- What you are asked to do:
The entries are to be written out word for word, with their images left out.

- Materials provided:
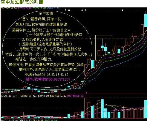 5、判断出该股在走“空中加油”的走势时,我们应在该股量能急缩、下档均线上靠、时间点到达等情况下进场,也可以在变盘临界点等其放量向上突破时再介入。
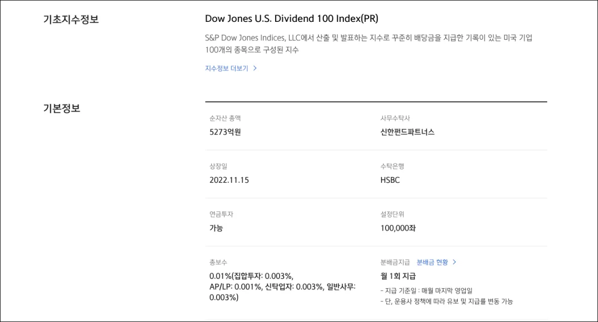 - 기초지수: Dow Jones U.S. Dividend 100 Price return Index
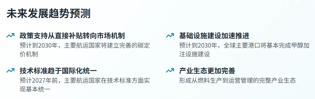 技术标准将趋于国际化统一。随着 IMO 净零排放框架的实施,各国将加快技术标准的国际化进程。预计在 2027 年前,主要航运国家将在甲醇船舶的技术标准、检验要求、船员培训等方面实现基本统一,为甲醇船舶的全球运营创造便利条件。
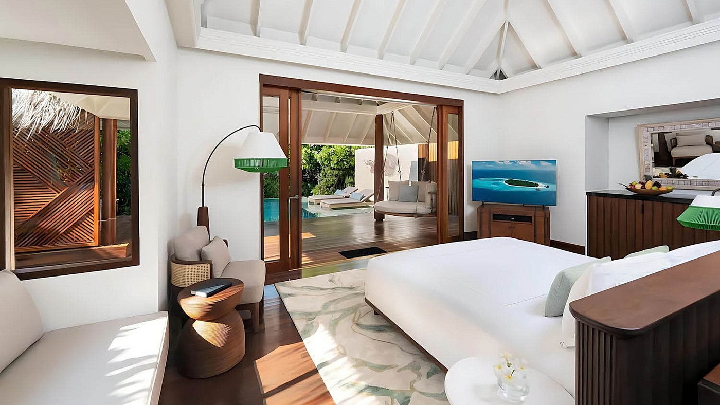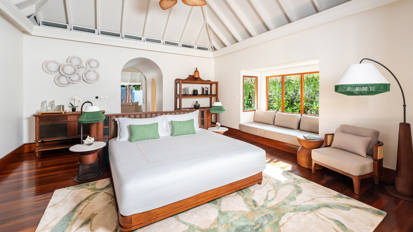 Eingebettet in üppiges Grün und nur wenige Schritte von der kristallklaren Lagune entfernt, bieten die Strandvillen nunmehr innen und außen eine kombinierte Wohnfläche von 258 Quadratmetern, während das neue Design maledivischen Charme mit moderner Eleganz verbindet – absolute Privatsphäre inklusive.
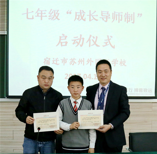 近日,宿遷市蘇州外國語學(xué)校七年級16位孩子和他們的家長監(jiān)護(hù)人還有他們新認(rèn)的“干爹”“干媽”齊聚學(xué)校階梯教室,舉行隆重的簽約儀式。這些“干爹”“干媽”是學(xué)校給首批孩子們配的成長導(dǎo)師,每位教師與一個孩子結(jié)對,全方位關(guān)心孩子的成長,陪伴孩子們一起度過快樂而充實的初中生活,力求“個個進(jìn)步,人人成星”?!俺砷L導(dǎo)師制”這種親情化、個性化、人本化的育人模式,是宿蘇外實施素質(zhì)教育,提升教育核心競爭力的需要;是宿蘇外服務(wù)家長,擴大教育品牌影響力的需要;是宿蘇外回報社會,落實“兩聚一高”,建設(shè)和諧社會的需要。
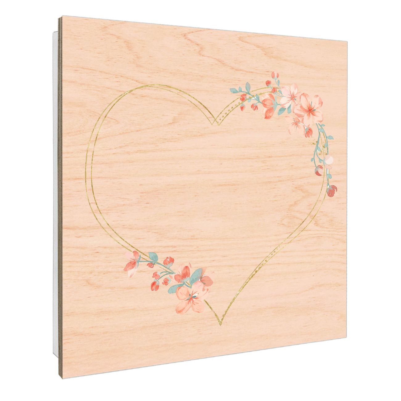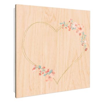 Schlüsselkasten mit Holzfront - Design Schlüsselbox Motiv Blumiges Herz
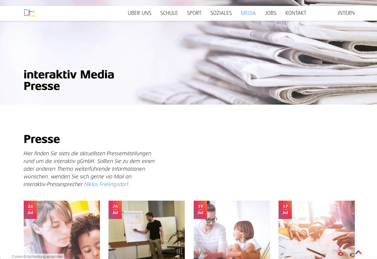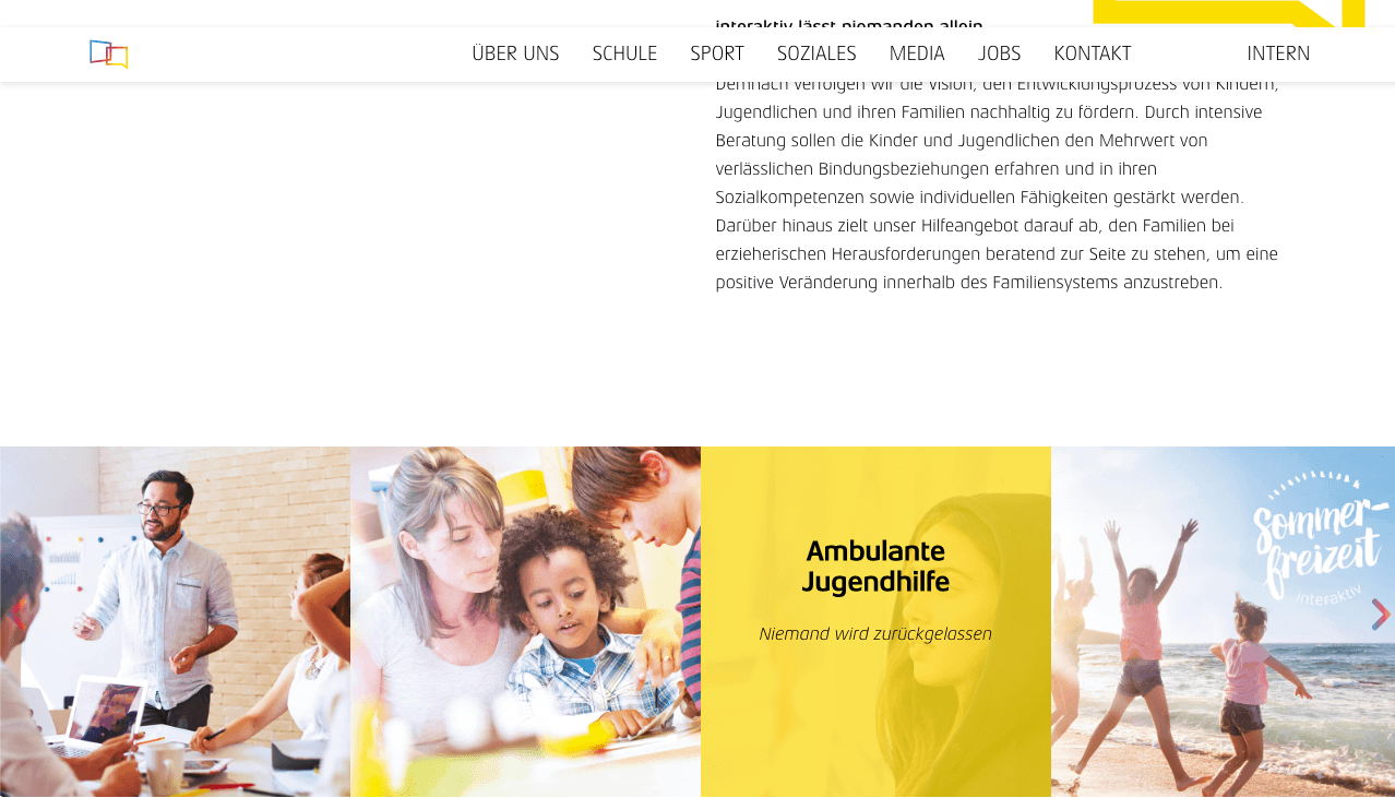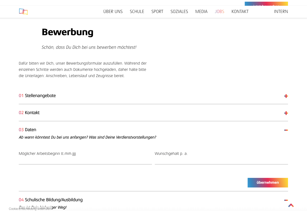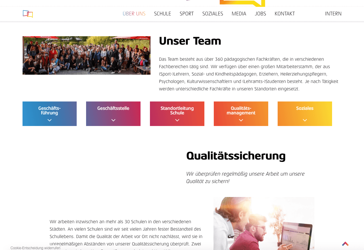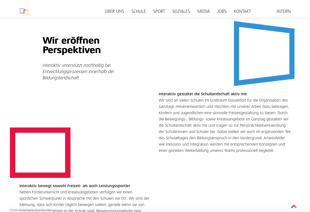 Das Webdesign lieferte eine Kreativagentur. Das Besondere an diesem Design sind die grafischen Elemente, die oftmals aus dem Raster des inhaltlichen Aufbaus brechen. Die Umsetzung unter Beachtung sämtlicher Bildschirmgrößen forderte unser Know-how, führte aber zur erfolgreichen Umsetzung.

- Solution to the problem:
 5、判断出该股在走“空中加油”的走势时,我们应在该股量能急缩、下档均线上靠、时间点到达等情况下进场,也可以在变盘临界点等其放量向上突破时再介入。
 - 기초지수: Dow Jones U.S. Dividend 100 Price return Index
 技术标准将趋于国际化统一。随着 IMO 净零排放框架的实施,各国将加快技术标准的国际化进程。预计在 2027 年前,主要航运国家将在甲醇船舶的技术标准、检验要求、船员培训等方面实现基本统一,为甲醇船舶的全球运营创造便利条件。
 Eingebettet in üppiges Grün und nur wenige Schritte von der kristallklaren Lagune entfernt, bieten die Strandvillen nunmehr innen und außen eine kombinierte Wohnfläche von 258 Quadratmetern, während das neue Design maledivischen Charme mit moderner Eleganz verbindet – absolute Privatsphäre inklusive.
 近日,宿遷市蘇州外國語學(xué)校七年級16位孩子和他們的家長監(jiān)護(hù)人還有他們新認(rèn)的“干爹”“干媽”齊聚學(xué)校階梯教室,舉行隆重的簽約儀式。這些“干爹”“干媽”是學(xué)校給首批孩子們配的成長導(dǎo)師,每位教師與一個孩子結(jié)對,全方位關(guān)心孩子的成長,陪伴孩子們一起度過快樂而充實的初中生活,力求“個個進(jìn)步,人人成星”?!俺砷L導(dǎo)師制”這種親情化、個性化、人本化的育人模式,是宿蘇外實施素質(zhì)教育,提升教育核心競爭力的需要;是宿蘇外服務(wù)家長,擴大教育品牌影響力的需要;是宿蘇外回報社會,落實“兩聚一高”,建設(shè)和諧社會的需要。
 Schlüsselkasten mit Holzfront - Design Schlüsselbox Motiv Blumiges Herz
 Das Webdesign lieferte eine Kreativagentur. Das Besondere an diesem Design sind die grafischen Elemente, die oftmals aus dem Raster des inhaltlichen Aufbaus brechen. Die Umsetzung unter Beachtung sämtlicher Bildschirmgrößen forderte unser Know-how, führte aber zur erfolgreichen Umsetzung.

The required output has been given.